Basic GuessFactor Targeting treats all enemy movements equally, recording every dodge attempt into a single array. This works well against bots with consistent behavior but fails when enemies adapt their movement based on distance, bullet power, or wall proximity.

Segmentation solves this by splitting statistical data into separate buffers based on battlefield conditions. Instead of one array tracking "how the enemy dodges," you maintain multiple arrays tracking "how the enemy dodges when close," "how the enemy dodges when far," "how the enemy dodges near walls," and so on.

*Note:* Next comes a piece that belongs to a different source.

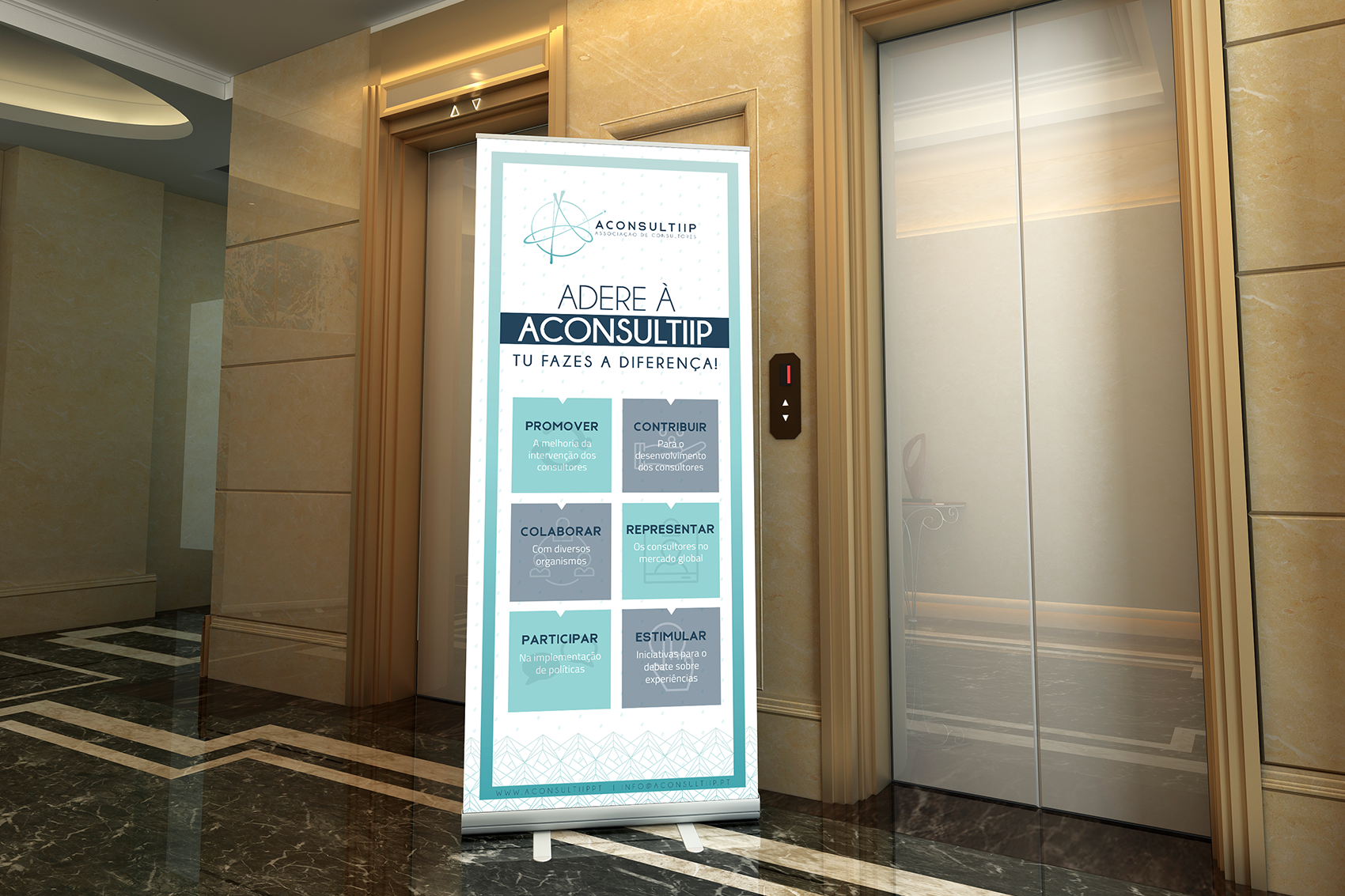 Objetivo do projeto: Criação de rollups institucionais para publicicdade da marca Aconsultiip.

This technique transforms mediocre statistical guns into top-tier targeting systems.

Why Segmentation Matters

Imagine an enemy that:

  • Moves randomly at close range (unpredictable)
  • Uses Stop-and-Go at medium range (predictable timing)
  • Oscillates predictably at long range (pattern-based)

Without segmentation, your stats mix all three behaviors. The close-range randomness pollutes your long-range predictions, and vice versa. Your targeting accuracy suffers everywhere.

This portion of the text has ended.